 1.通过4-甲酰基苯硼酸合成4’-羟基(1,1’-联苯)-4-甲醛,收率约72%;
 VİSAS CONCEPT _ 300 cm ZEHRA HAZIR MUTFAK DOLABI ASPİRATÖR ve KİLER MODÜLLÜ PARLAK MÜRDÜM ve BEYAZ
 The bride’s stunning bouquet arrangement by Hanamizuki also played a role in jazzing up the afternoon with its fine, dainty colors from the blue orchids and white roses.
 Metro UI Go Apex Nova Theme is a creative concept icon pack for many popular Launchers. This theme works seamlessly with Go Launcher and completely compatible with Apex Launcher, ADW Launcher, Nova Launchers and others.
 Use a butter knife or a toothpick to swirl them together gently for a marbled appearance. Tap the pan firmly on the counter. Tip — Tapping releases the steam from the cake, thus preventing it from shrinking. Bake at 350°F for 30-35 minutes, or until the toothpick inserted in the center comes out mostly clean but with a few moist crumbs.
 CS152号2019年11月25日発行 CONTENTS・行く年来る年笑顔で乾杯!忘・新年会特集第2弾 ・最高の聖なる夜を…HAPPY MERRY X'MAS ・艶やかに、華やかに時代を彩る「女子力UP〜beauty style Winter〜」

===

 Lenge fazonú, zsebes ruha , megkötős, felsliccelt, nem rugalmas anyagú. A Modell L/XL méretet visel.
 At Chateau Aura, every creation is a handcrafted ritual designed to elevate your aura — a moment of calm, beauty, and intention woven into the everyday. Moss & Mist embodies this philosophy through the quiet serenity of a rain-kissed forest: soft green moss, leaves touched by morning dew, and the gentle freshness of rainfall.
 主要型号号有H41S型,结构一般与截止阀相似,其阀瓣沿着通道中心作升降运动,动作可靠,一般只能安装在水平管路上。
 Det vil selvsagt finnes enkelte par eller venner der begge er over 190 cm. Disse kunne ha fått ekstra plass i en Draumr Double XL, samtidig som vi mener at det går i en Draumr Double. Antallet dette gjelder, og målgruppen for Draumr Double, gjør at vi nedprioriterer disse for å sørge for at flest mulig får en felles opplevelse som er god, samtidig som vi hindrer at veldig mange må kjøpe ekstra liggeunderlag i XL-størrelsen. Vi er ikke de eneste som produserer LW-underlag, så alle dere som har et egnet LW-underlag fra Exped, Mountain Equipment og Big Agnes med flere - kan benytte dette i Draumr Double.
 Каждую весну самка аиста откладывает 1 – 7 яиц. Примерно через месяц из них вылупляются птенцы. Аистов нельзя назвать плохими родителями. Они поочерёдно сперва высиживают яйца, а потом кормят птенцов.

===

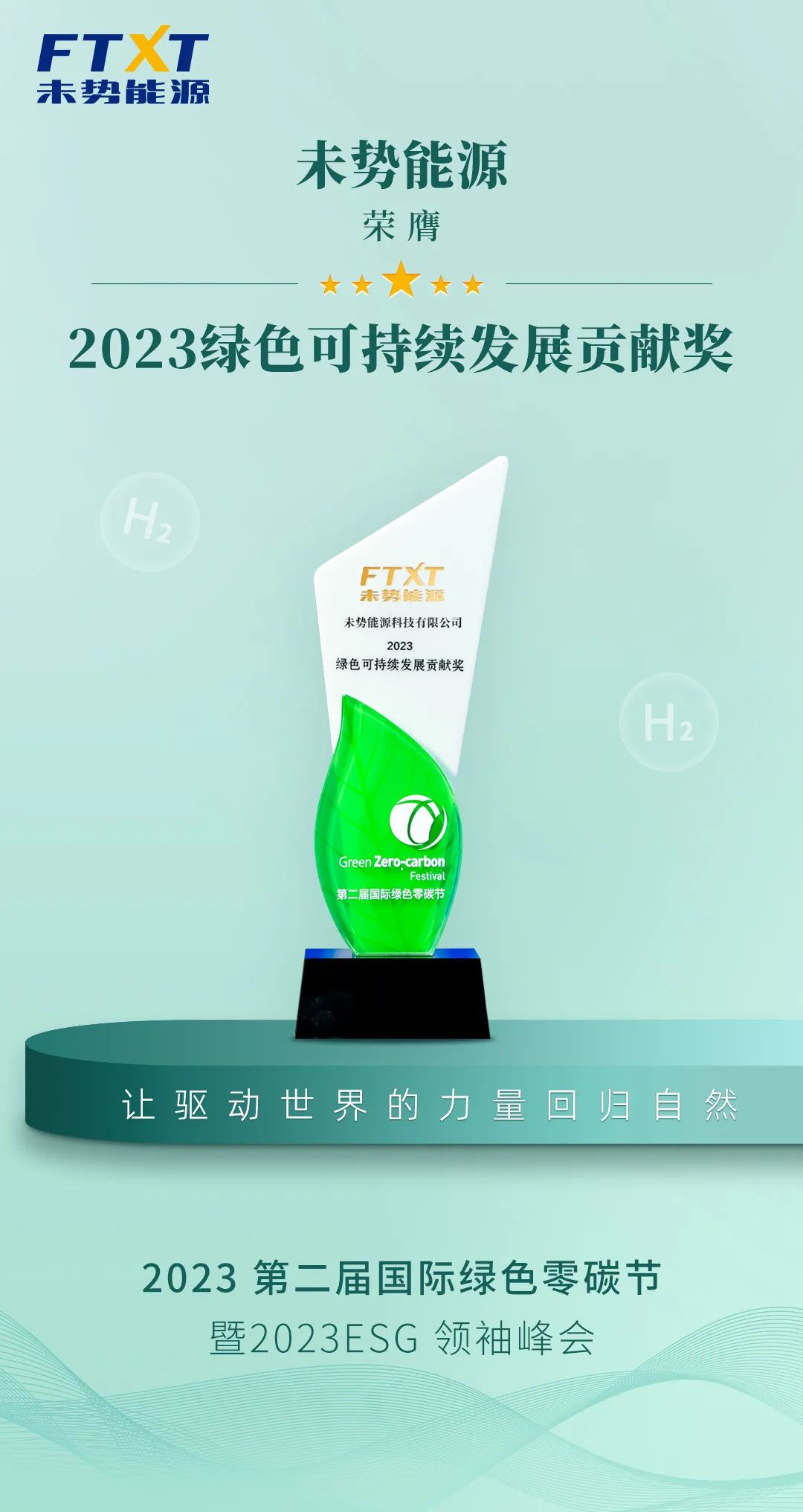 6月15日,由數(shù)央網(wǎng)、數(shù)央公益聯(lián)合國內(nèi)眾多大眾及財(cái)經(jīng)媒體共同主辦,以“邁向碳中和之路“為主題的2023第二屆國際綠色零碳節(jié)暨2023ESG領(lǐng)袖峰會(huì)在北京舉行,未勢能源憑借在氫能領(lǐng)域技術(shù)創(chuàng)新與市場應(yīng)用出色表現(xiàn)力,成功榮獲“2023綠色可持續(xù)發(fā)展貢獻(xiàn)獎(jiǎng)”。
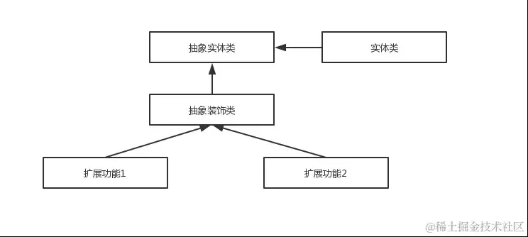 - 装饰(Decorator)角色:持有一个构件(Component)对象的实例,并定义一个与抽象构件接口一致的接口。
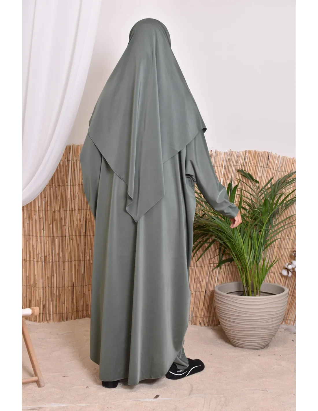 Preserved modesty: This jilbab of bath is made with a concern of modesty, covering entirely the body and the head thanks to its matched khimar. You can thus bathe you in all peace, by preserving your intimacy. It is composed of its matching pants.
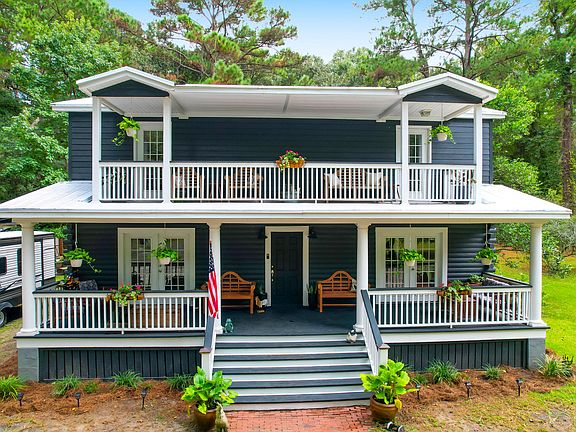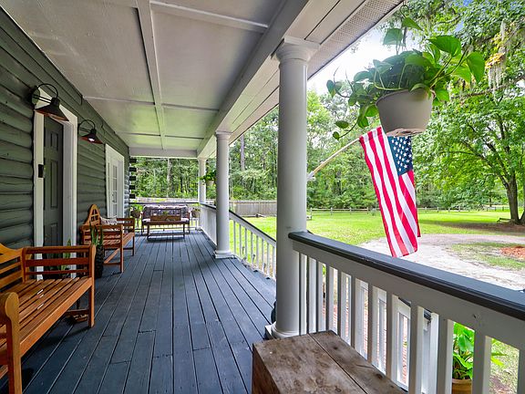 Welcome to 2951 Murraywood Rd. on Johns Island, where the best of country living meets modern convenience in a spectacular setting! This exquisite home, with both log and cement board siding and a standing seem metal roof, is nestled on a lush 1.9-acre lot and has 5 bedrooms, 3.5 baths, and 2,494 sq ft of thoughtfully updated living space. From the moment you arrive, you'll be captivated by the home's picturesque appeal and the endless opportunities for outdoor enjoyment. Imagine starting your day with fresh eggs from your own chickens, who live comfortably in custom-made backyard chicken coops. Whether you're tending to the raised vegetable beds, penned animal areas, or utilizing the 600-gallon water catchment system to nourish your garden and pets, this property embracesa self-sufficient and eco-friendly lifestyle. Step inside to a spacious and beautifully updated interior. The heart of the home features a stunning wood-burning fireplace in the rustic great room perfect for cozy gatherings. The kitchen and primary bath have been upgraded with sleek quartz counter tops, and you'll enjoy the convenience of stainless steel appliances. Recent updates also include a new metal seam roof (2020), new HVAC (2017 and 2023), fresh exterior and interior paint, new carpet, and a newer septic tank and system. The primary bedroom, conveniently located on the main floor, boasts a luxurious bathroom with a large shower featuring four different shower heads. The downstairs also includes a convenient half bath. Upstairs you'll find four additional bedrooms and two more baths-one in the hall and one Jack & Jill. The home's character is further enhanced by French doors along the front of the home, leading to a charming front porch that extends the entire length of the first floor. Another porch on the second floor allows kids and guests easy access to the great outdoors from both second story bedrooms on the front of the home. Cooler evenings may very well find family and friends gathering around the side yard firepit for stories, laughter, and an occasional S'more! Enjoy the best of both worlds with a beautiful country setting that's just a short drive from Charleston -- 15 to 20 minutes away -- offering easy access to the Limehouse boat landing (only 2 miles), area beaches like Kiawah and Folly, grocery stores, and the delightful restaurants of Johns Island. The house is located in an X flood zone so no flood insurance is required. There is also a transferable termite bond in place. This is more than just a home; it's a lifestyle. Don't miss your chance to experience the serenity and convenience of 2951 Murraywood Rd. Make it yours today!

===

_Task to carry out:_
Your task for the entries above: copy exactly the span starting with the line with "VİSAS CONCEPT _" and going on through the line with "X'MAS ・艶やかに、華やかに時代を彩る「女子力UP〜beauty style Winter〜」", both lines included, and nothing else.

_Your solution:_
 VİSAS CONCEPT _ 300 cm ZEHRA HAZIR MUTFAK DOLABI ASPİRATÖR ve KİLER MODÜLLÜ PARLAK MÜRDÜM ve BEYAZ
 The bride’s stunning bouquet arrangement by Hanamizuki also played a role in jazzing up the afternoon with its fine, dainty colors from the blue orchids and white roses.
 Metro UI Go Apex Nova Theme is a creative concept icon pack for many popular Launchers. This theme works seamlessly with Go Launcher and completely compatible with Apex Launcher, ADW Launcher, Nova Launchers and others.
 Use a butter knife or a toothpick to swirl them together gently for a marbled appearance. Tap the pan firmly on the counter. Tip — Tapping releases the steam from the cake, thus preventing it from shrinking. Bake at 350°F for 30-35 minutes, or until the toothpick inserted in the center comes out mostly clean but with a few moist crumbs.
 CS152号2019年11月25日発行 CONTENTS・行く年来る年笑顔で乾杯!忘・新年会特集第2弾 ・最高の聖なる夜を…HAPPY MERRY X'MAS ・艶やかに、華やかに時代を彩る「女子力UP〜beauty style Winter〜」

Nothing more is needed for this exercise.